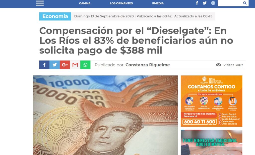 La Organización de Consumidores y Usarios (ODECU) dio a conocer que sólo 20 propietarios, es decir, el 17% del total de la Región de Los Ríos de los vehículos involucrados han recibido el pago de la compensación individual en el contexto de la demanda colectiva interpuesta por aproximadamente 5 mil dueños de vehículos diésel de las marcas Volkswagen, Audi, Škoda y Porsche que se comercializaron en Chile.
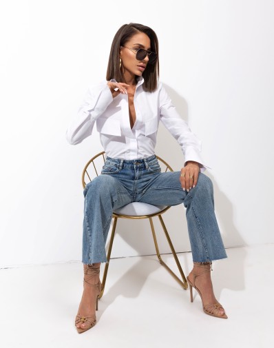 Klasyczna biała koszula damska zapinana na kryte guziki to ponadczasowa baza do wielu stylizacji. Model z klasycznym kołnierzem, długim rękawem zakończonym mankietami oraz ozdobnymi patkami z przodu, które nadają całości subtelnego charakteru. Idealna zarówno do eleganckich, jak i codziennych zestawów.
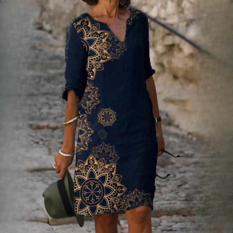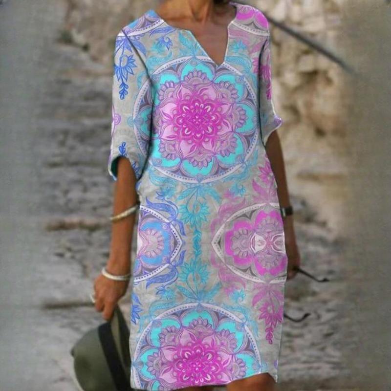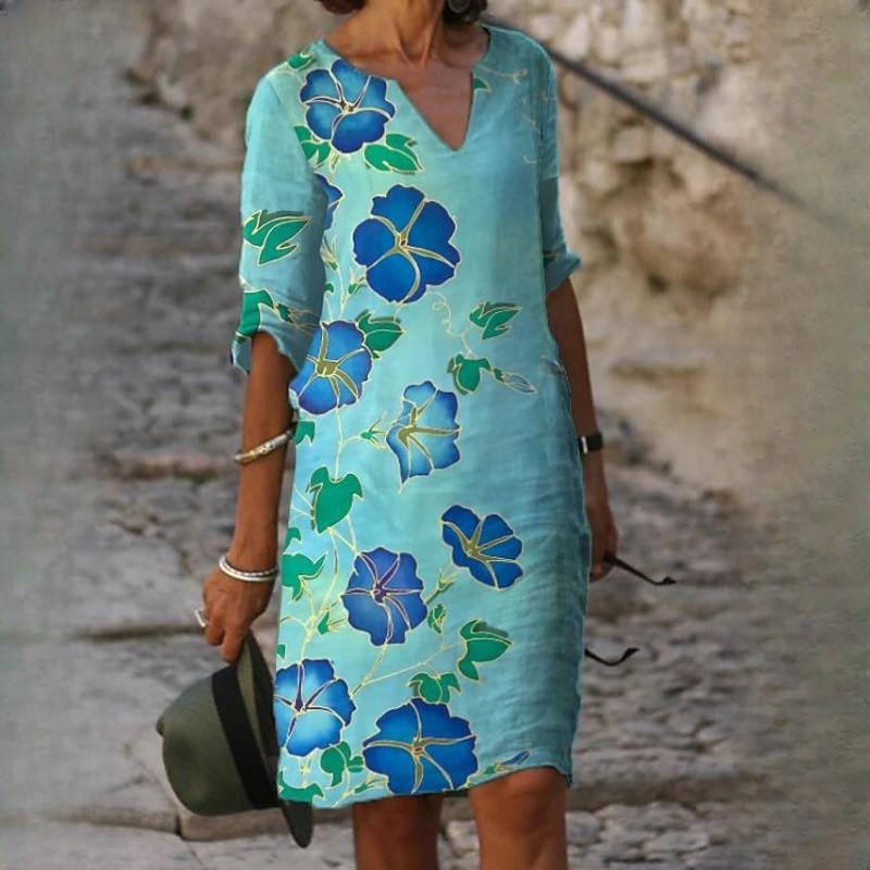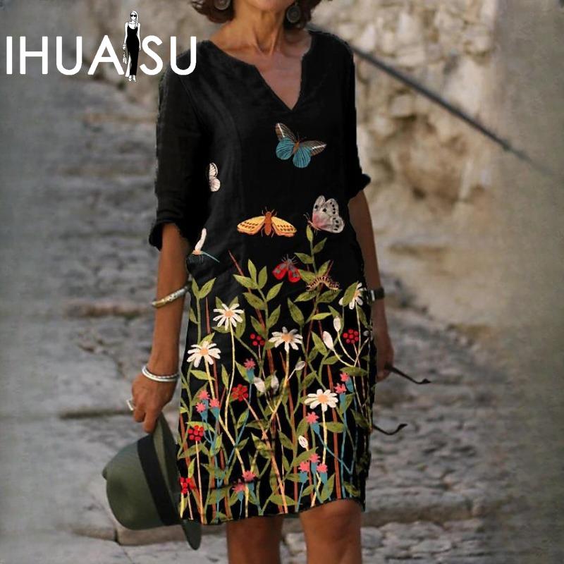 IHUASU Женский летний свободный льняной принт из бамбукового волокна с цветочным принтом и коротким рукавом, женский винтажный литературный круглый вырез, рукав пять точек
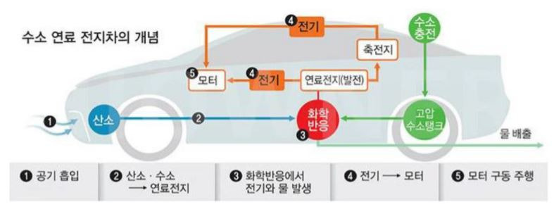 수소 수소전기차는 순수한 수소를 연료로 사용합니다.
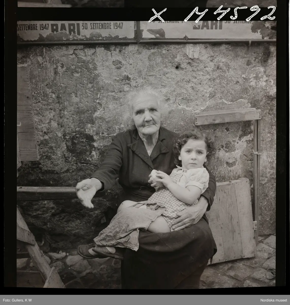 1717/B Rom. En äldre kvinna sitter på gatan med en flicka i famnen.
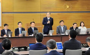 ![]() 公明党の中央幹事会であいさつする斉藤鉄夫代表(中央) =2025年10月9日午前10時36分、東京都新宿区、笠井哲也撮影 |
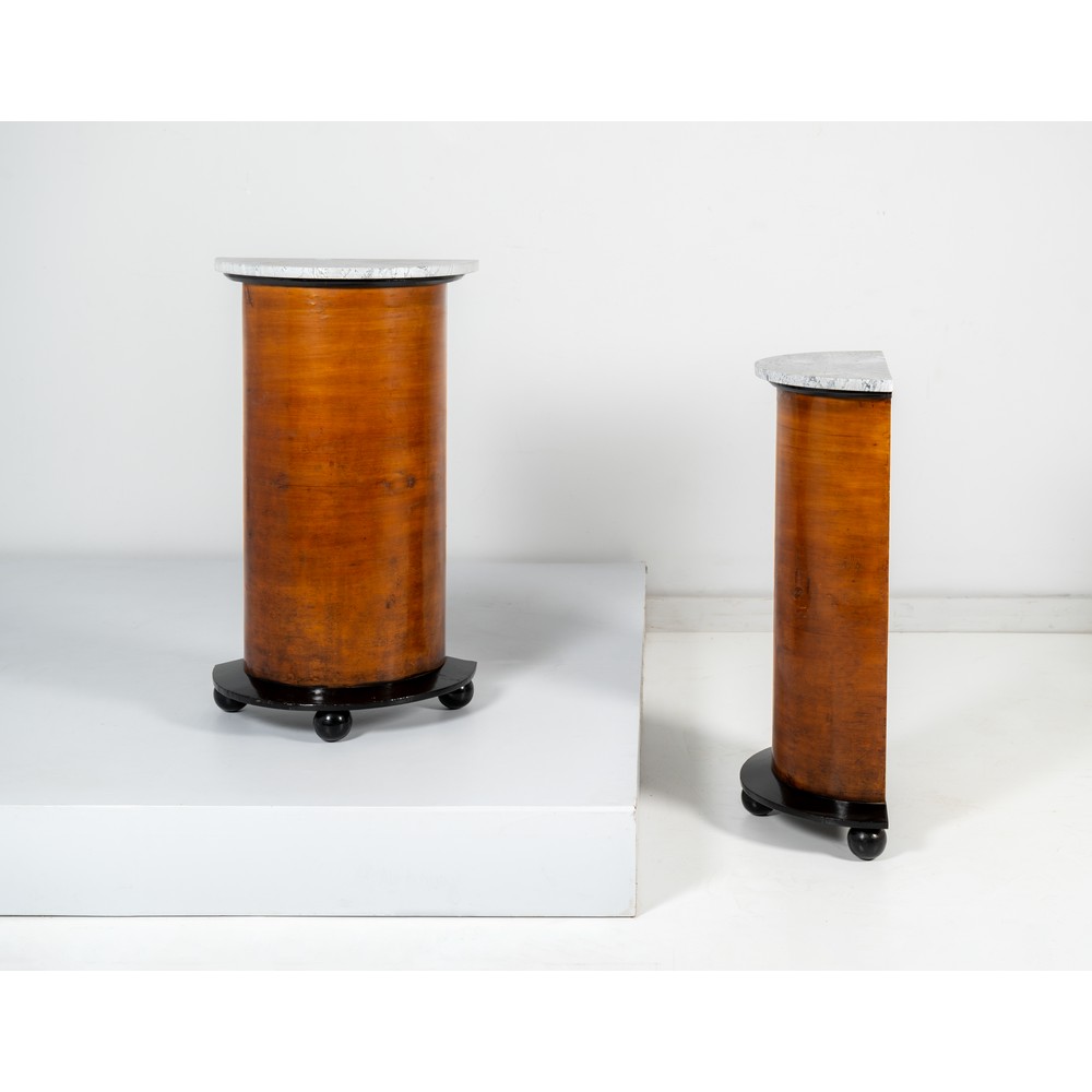 Coppia di consolle in legno di noce semicilindriche, piano in marmo grigio, base e piedi sferici in legno ebanizzato.

# [WORK TO COMPLETE]
From the first line to the last, retype the data exactly, but omit every image.

# [OUTPUT BELOW]
 La Organización de Consumidores y Usarios (ODECU) dio a conocer que sólo 20 propietarios, es decir, el 17% del total de la Región de Los Ríos de los vehículos involucrados han recibido el pago de la compensación individual en el contexto de la demanda colectiva interpuesta por aproximadamente 5 mil dueños de vehículos diésel de las marcas Volkswagen, Audi, Škoda y Porsche que se comercializaron en Chile.
 Klasyczna biała koszula damska zapinana na kryte guziki to ponadczasowa baza do wielu stylizacji. Model z klasycznym kołnierzem, długim rękawem zakończonym mankietami oraz ozdobnymi patkami z przodu, które nadają całości subtelnego charakteru. Idealna zarówno do eleganckich, jak i codziennych zestawów.
 IHUASU Женский летний свободный льняной принт из бамбукового волокна с цветочным принтом и коротким рукавом, женский винтажный литературный круглый вырез, рукав пять точек
 수소 수소전기차는 순수한 수소를 연료로 사용합니다.
 1717/B Rom. En äldre kvinna sitter på gatan med en flicka i famnen.
 ![]() 公明党の中央幹事会であいさつする斉藤鉄夫代表(中央) =2025年10月9日午前10時36分、東京都新宿区、笠井哲也撮影 |
 Coppia di consolle in legno di noce semicilindriche, piano in marmo grigio, base e piedi sferici in legno ebanizzato.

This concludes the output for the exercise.